Most blogging systems offer a way to create user-defined groupings of content called taxanomies. While I like the feature, I do not want them showing in search engines.
2017-09-10: After migrating to use GitLab CI for building and publishing, I now use XMLStarlet in GitLab CI to achieve the same outcome.
When I was using WordPress, it was easy to find a plugin that can omit taxanomies from appearing in sitemap. With Hugo, I could not find a way to disable these from showing up on search engines. I also found that in some cases, the taxanomy links were ranked higher than the actual content page. Since my posts and pages are already indexed, there is no value in having taxanomies indexed so I had to remove them. One of the ways is by adding a post-build step.
My batch file for generating public
output folder on Hugo was:
rd /s /q public
md public
hugo.exe
The above cleans the output folder, recreates and finally publishes into it. You may not like the idea of deleting and recreating the public folder. The first two lines are optional.
I coded a simple Powershell script that cleanses the sitemap.xml
file of taxanomies.
[xml]$xml = Get-Content public\sitemap.xml
$ns = New-Object System.Xml.XmlNamespaceManager($xml.NameTable)
$ns.AddNamespace("ns", $xml.DocumentElement.NamespaceURI)
$xpathSelectCriterion = "//ns:url[contains(ns:loc, '/categories/') or contains(ns:loc, '/tags/')]"
$node = $xml.SelectSingleNode($xpathSelectCriterion, $ns)
while ($node -ne $null) {
$node.ParentNode.RemoveChild($node)
$node = $xml.SelectSingleNode($xpathSelectCriterion, $ns)
}
$xml.save("public\sitemap.xml")
Then added a line at the end of my batch file to call the script above:
rd /s /q public
md public
hugo.exe
powershell -noexit "& "".\clean-sitemap.ps1"""
I tried and found Windows batch commands too cumbersome. In the end I needed to achieve the results required using the shortest possible time and using an interpreted language so that I do not have to upload binary files into source control.
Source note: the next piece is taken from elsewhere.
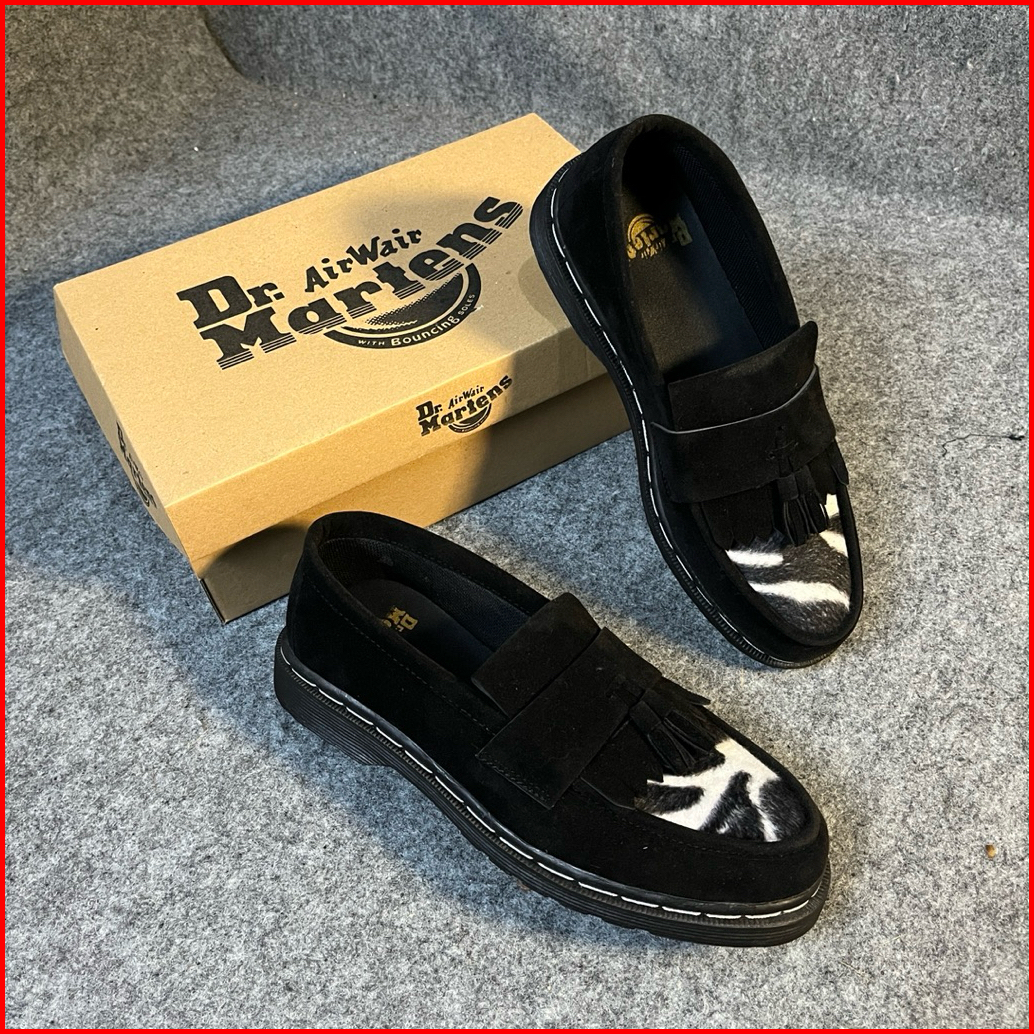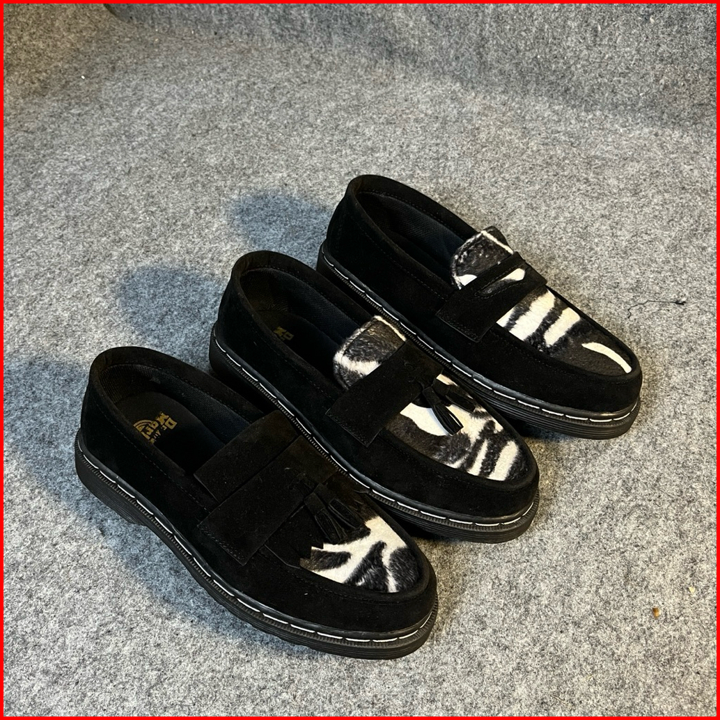 Sepatu Docmart Formal Penny Loafers Pria Hitam Motif Zebra

You need to tell search bots that crawling categories
and tags
taxanomies are disallowed.
User-agent: *
Disallow: /categories/
Disallow: /tags/
Sitemap: https://www.leowkahman.com/sitemap.xml
Remember to point the Sitemap
line to your sitemap.xml
.
I had to wait a few days for Google to recrawl and purge the taxanomies. To verify that Google has removed the taxanomies from search result, search for site:www.leowkahman.com
. They should disappear. You need to replace the domain with yours of course.